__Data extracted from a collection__
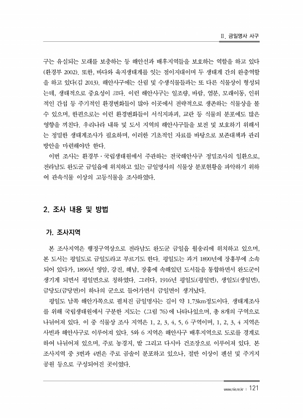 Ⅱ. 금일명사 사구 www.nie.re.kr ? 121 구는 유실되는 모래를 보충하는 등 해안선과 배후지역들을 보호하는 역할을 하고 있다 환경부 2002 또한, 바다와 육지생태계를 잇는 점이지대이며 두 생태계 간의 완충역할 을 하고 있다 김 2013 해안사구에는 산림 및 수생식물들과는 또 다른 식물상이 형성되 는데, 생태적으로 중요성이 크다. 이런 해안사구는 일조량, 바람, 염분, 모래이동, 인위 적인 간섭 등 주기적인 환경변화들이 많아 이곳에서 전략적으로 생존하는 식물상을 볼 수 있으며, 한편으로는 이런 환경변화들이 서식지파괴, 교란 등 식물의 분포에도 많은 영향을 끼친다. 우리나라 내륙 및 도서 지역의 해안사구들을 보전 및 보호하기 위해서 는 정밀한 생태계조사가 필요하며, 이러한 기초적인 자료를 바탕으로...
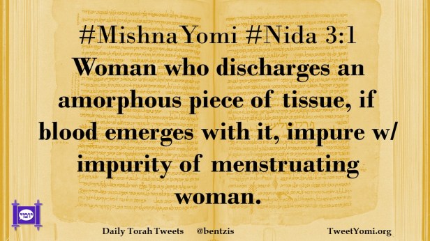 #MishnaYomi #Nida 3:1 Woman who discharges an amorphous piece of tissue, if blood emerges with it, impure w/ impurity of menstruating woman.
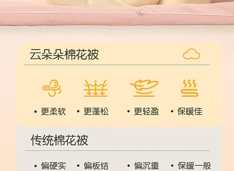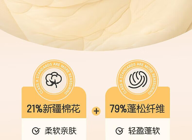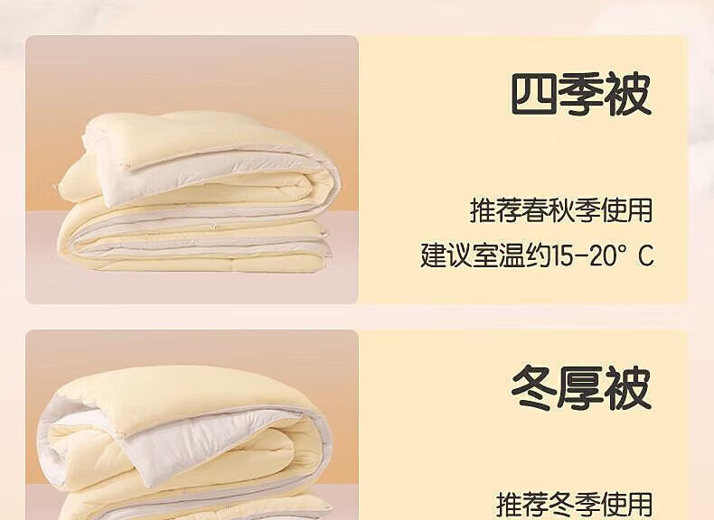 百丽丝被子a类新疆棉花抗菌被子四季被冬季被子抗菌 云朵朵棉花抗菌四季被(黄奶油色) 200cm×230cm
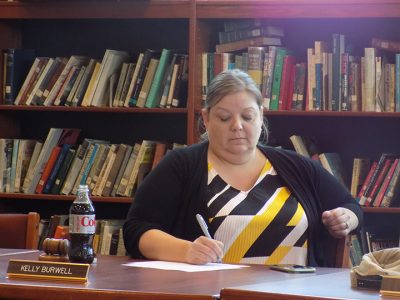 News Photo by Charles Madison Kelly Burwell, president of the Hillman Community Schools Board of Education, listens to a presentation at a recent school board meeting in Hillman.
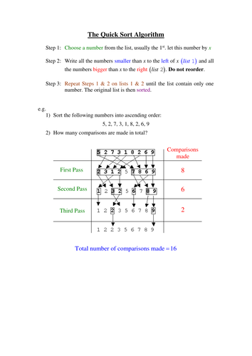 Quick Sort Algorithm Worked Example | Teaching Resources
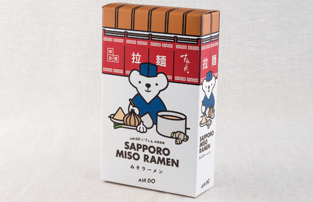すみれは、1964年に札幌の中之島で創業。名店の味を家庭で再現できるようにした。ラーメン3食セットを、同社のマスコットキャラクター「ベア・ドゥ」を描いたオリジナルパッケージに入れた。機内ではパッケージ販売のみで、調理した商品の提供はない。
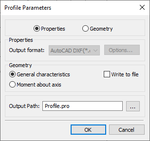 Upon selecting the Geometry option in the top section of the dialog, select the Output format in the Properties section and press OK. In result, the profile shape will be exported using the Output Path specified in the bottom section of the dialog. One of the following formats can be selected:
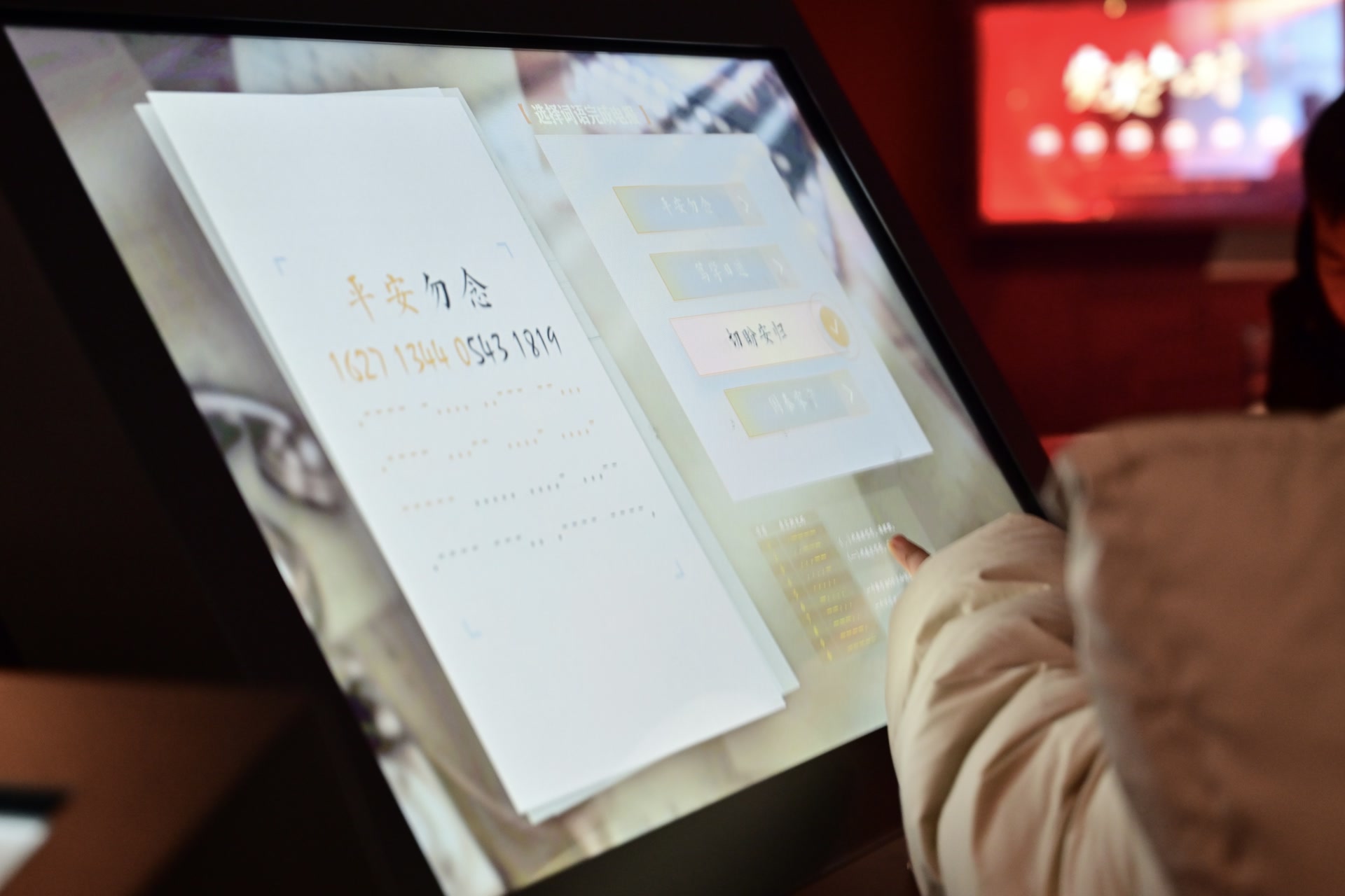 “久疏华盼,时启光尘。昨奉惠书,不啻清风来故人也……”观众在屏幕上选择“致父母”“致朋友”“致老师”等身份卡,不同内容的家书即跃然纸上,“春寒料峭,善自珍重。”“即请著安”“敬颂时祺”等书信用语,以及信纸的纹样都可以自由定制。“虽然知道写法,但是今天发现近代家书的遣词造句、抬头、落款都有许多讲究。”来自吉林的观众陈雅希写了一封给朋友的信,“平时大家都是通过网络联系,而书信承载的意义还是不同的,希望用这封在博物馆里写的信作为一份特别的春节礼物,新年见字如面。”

__What you need to do__
Copy out only the lines beginning at the line with "すみれは、1964年に札幌の" and ending at the last line of the entries. Keep them exact; drop pictures.

__The answer__
すみれは、1964年に札幌の中之島で創業。名店の味を家庭で再現できるようにした。ラーメン3食セットを、同社のマスコットキャラクター「ベア・ドゥ」を描いたオリジナルパッケージに入れた。機内ではパッケージ販売のみで、調理した商品の提供はない。
 Upon selecting the Geometry option in the top section of the dialog, select the Output format in the Properties section and press OK. In result, the profile shape will be exported using the Output Path specified in the bottom section of the dialog. One of the following formats can be selected:
 “久疏华盼,时启光尘。昨奉惠书,不啻清风来故人也……”观众在屏幕上选择“致父母”“致朋友”“致老师”等身份卡,不同内容的家书即跃然纸上,“春寒料峭,善自珍重。”“即请著安”“敬颂时祺”等书信用语,以及信纸的纹样都可以自由定制。“虽然知道写法,但是今天发现近代家书的遣词造句、抬头、落款都有许多讲究。”来自吉林的观众陈雅希写了一封给朋友的信,“平时大家都是通过网络联系,而书信承载的意义还是不同的,希望用这封在博物馆里写的信作为一份特别的春节礼物,新年见字如面。”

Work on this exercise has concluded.